10. Turning now to the first contention of Mr. Sethna, though, at first blush, it appears to be formidable in view of the apparent support of observations of the Supreme Court in Wallace Flour Mills case (supra), a closer examination shows the contention to be without substance. In the Wallace Flour Mills case the company had pre-budget stocks of goods of various food products which were not leviable to duty till 28th February, 1987. The goods became dutiable by the Finance Bill, 1987-88 with effect from 1st March, 1987. The question, therefore, which fell for consideration before the Supreme Court was whether the goods which had been manufactured prior to 1st March, 1987, when they were completely exempted from excise duty, could be made dutiable by attracting duty on 1st of March, 1987. In other words, the question was what was the point of time at which the manufactured goods became subject to excise duty. The Supreme Court answered this question by taking the view that even though the taxable event is the manufacture or production of the excisable articles, the duty can be levied and collected at a later stage for administrative convenience and the scheme of the Act and the relevant Rules framed under the Act, particularly Rule 9A, revealed that though the taxable event is the fact of manufacture or production of excisable articles, the payment of duty is related to the date of removal of such articles from the factory. The Supreme Court observed, –
“….. Excise is a duty on manufacture or production. But the realisation of the duty may be postponed for administrative convenience to the date of removal of goods from the factory. Rule 9A of the said rules merely does that. That is the scheme of the Act. It does not, in our opinion, make removal be the taxable event. The taxable event is the manufacture. But the liability to pay the duty is postponed till the time of removal under Rule 9A of the said Rules ….. On the basis of Rule 9A of the said rules, the Central Excise authorities were within the competence to apply the rate prevailing on the date of removal. We are of the opinion that even though the taxable event is the manufacture or the production of an excisable article, the duty can be levied and collected at a later date for administrative convenience.”
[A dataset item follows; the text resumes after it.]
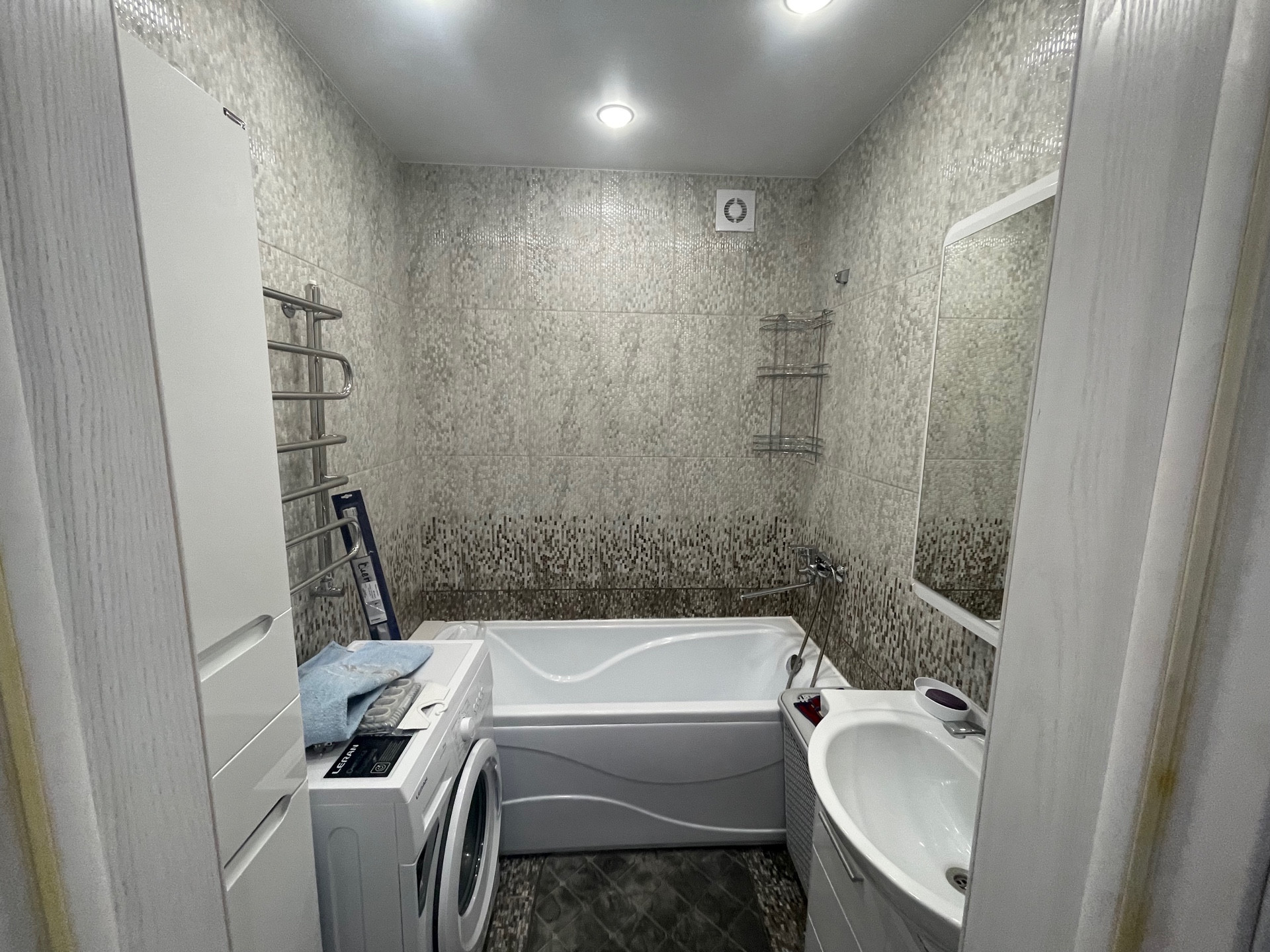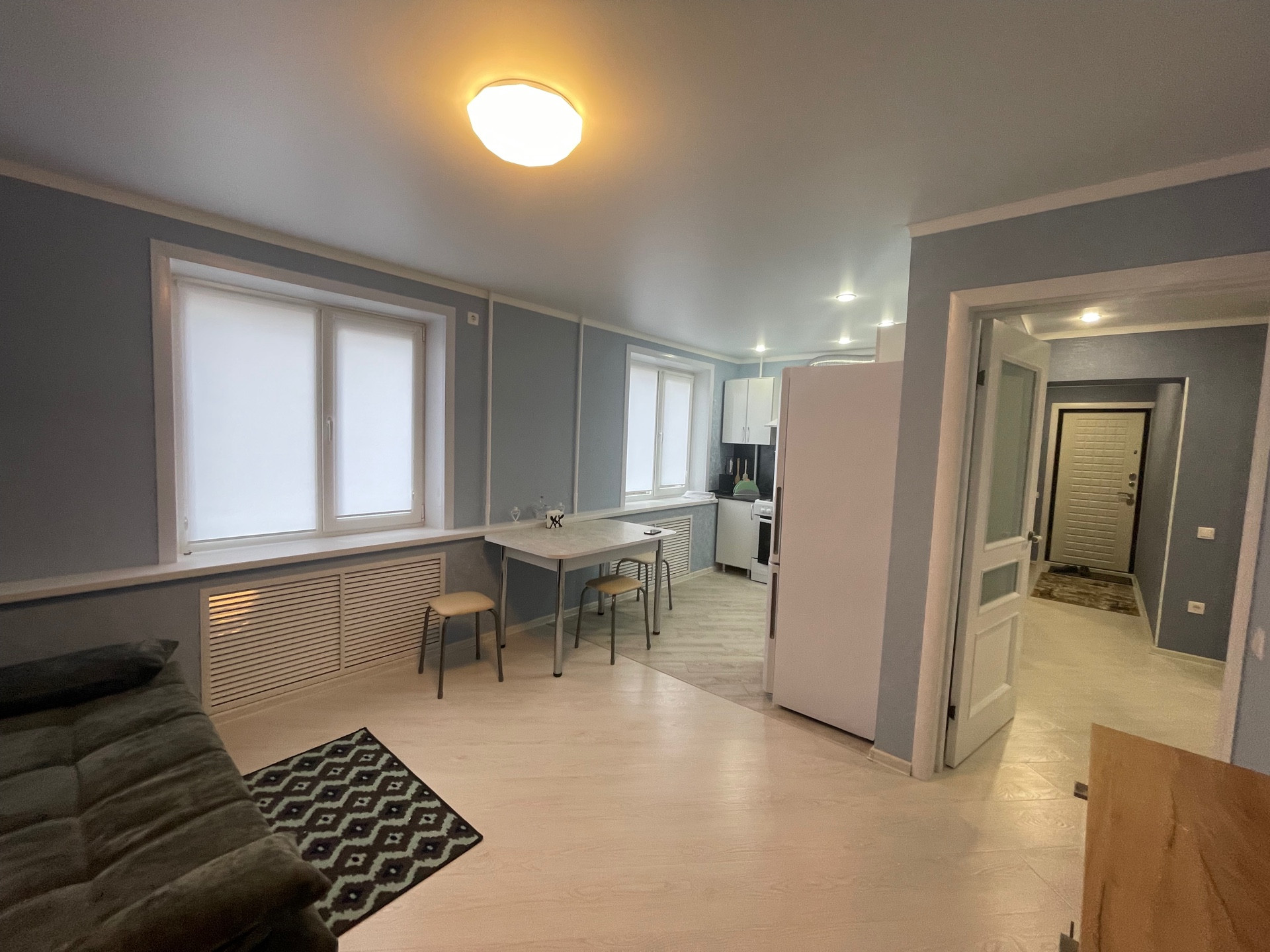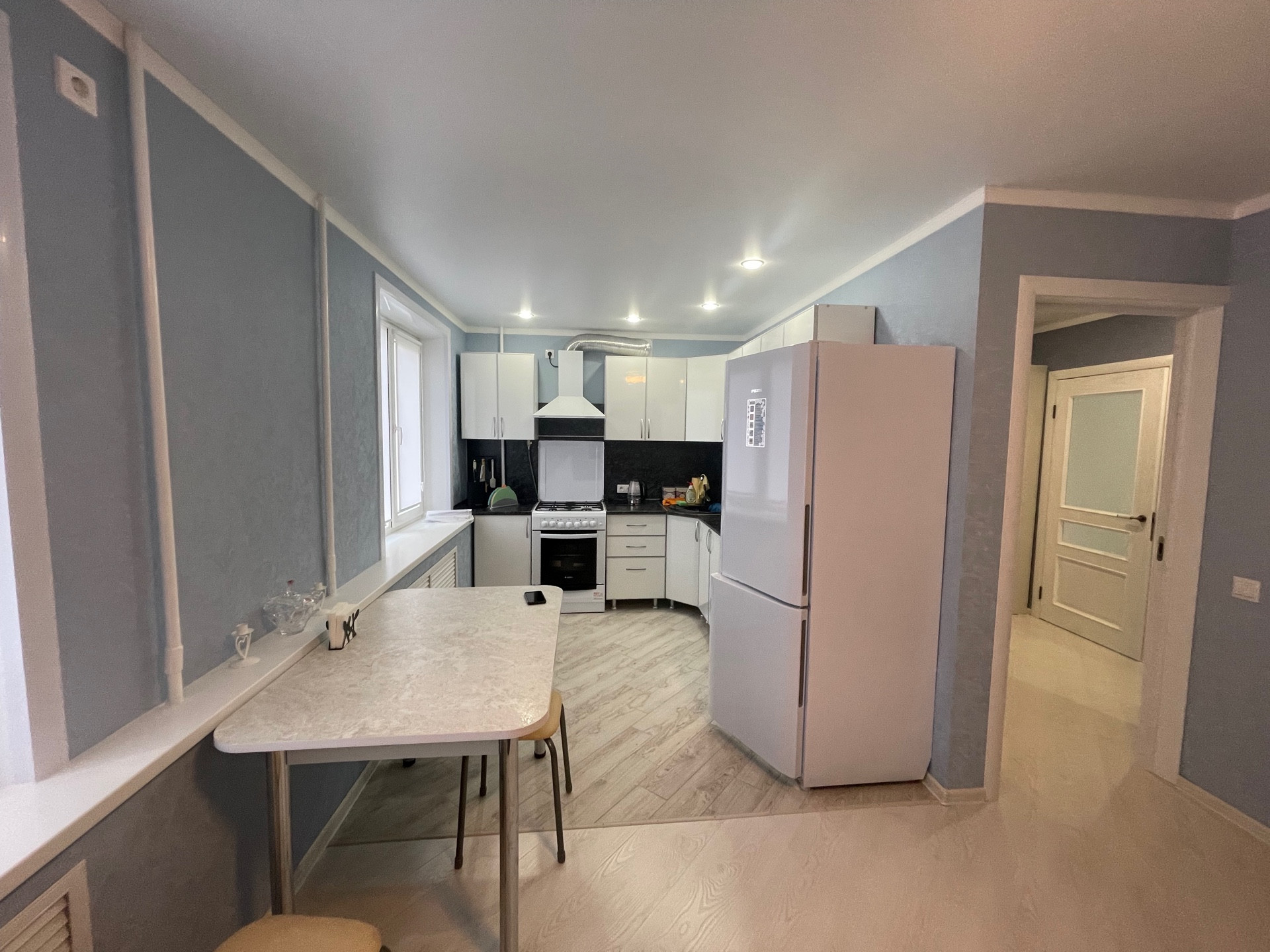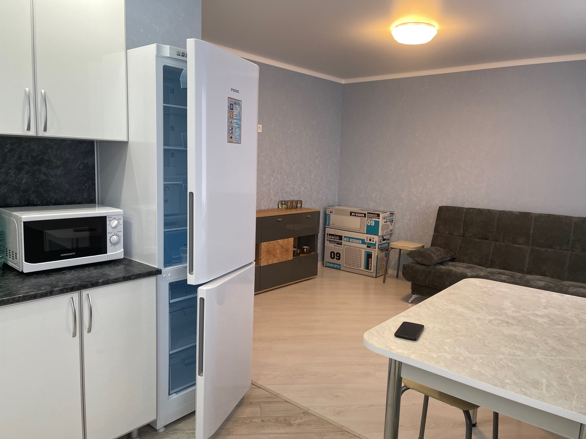 Евроремонт, кухня- гостиная 27 кв.м, новая мебель, новая бытовая техника: холодильник, микроволновая печь, гладилка, сушилка, чайник, стиральная машина, телевизор, телевидение, интернет, 2 сплит системы. Квартира сдается на длительный срок.

Mr. Sethna places strong reliance on this judgment and contends that on the date on which the cotton fabrics were “removed” they were liable to duty in accordance with Notification No. 226 of 1977 dated 15th July, 1977 and, therefore, irrespective of when the cotton yarn had been manufactured, the duty was payable thereupon in terms of Notification No. 226 of 1977 which was in operation on the date of removal. Relying on the Supreme Court judgment in Wallace Flour Mills case, he contends that the levy of duty becomes operative both as to the levy and the rate, as on the date of removal and, therefore, the judgment of Pratap, J. taking the view that clause (b) of the first proviso to clause (viii) of the Notification No. 226 of 1977 amounts to retrospective levy of excise duty on the exempt yarn manufactured between 18th June, 1977 and 14th July, 1977, is erroneous. In his submission, the duty was levied prospectively from the point of time when the Notification No. 226 of 1977 became operative, i.e. the mid-night of 14th/15th of July, 1977 and merely because in the newly introduced scheme the duty includes certain duty calculated with reference to the duty which had not been imposed on the cotton yarn between 18th June, 1977 to 14th July, 1977, for the purpose of calculation, it cannot be assumed that such imposition amounts to retrospective levy of excise duty on the yarn in question.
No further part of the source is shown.